If $m$ is 2, the direction constraint simplifies to a dot product which can be represented as a single linear expression. On the other hand, if $m$ is 3, the wedge product can be replaced with a cross product, but I don't see how that could be represented with fewer than 3 linear equations. I'd guess, then, that for a given $m$, the number of constraints implied by $T\vec{x}\wedge\vec{y}=0$ is $^mc_2$. However, that's more than should be necessary to reduce the feasible region to a point for $m\ge4$, but by that logic, the number of linear constraints implied by $T\vec{x}\wedge\vec{y}=0$ should be no more than $m-1$. How many linear constraints does the direction constraint ($T\vec{x}\wedge\vec{y}=0$) imply in terms of $m$?

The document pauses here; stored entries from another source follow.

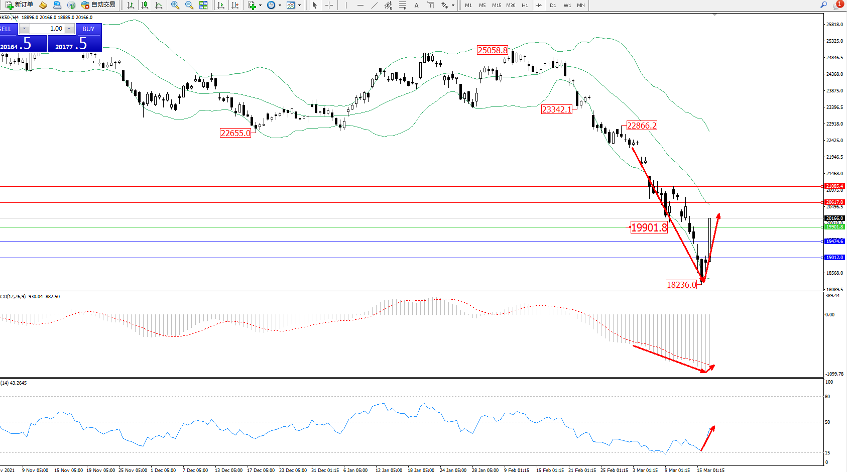 香港恒生指数3月16日(周三)收盘上涨1672.42点,涨幅9.08%,报20087.5点;午后金融委重磅发声,港A市场纷纷直线拉升。连续下跌的港股迎来报复性反弹行情,恒生科技指数飙涨22.2%,一举收复4200关口,且为历史最大单日涨幅;行业板块齐反弹,连续低迷的市场情绪得以恢复。盘面上,大型科技股引领大市上涨,京东飙升近37%,快手、美团均飙涨逾30%,阿里巴巴、腾讯、百度均大涨超20%;香港特区政府3月16日举行抗疫记者会,行政长官林郑月娥在回答中央广播电视总台记者提问时表示,国际环境复杂,各地金融市场受到冲击,香港作为国际金融中心虽不能置身事外,但香港的金融稳定及市场监督,都没有受到近日股市波动的影响。她强调香港金融、货币及市场监督体系仍然稳健。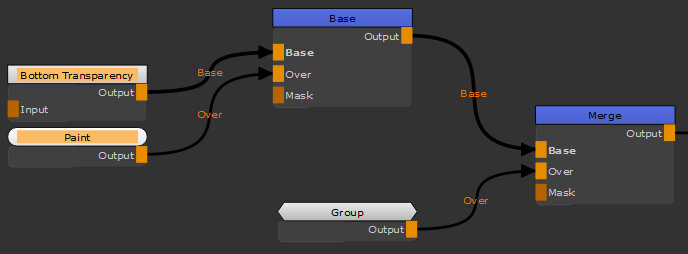 A Group node with the required number of Input pipes and one Output pipe is added. For example, if you have three nodes that are connected to nodes within the Group, Mari creates three inputs for the Group node.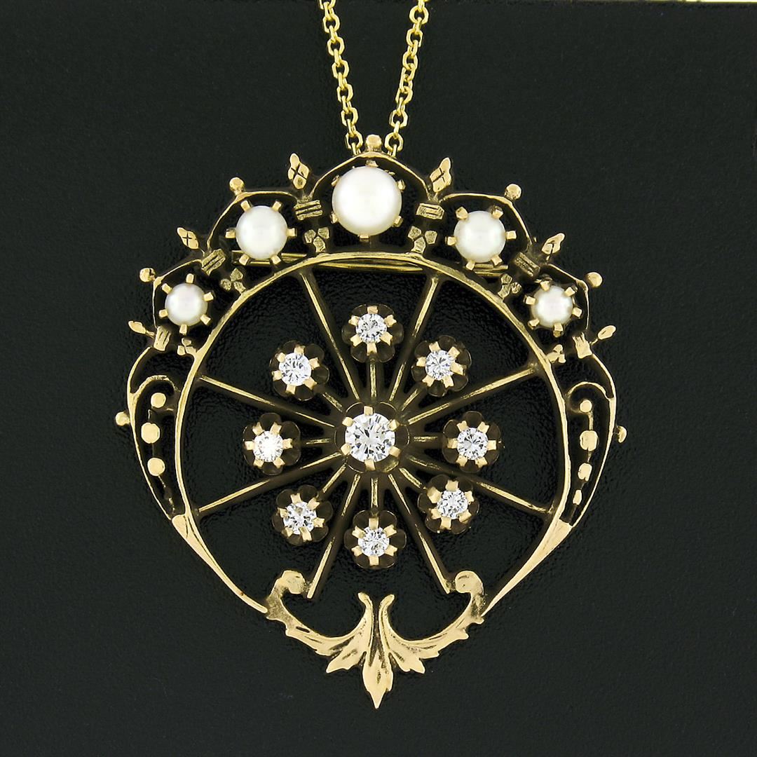 A solid 14k yellow gold pin brooch pendant necklace, with 9 old transitional cut natural diamonds (F/G - VS1/VS2 ; 0.34ctw), and 5 round shape cultured pearls (2.5-4.4mm). Measures 36.45x32.60mm and weighs a total of 11.29 grams and 18 inch cable link cha

Say $\vec y = \mathbf e_1$ in a set of orthogonal basis vectors $\{\mathbf e_i\}_{i=1}^m$. While there are $m \choose 2$ basis bivectors, the only ones we care about are of the form $\mathbf e_1 \wedge \mathbf e_i$ for $i \neq 1$ (as $\mathbf e_1 \wedge \mathbf e_1 = 0$), so there are $m-1$ constraints. This also makes sense because knowing the value of the dot product with $\vec y$ (assuming $\vec y \neq \mathbf 0$) would only be one linear equation, but the combination of the wedge product and the dot product would completely determine the result (because we can define the geometric product in terms of these and the geometric product is invertible for [non-zero] vectors).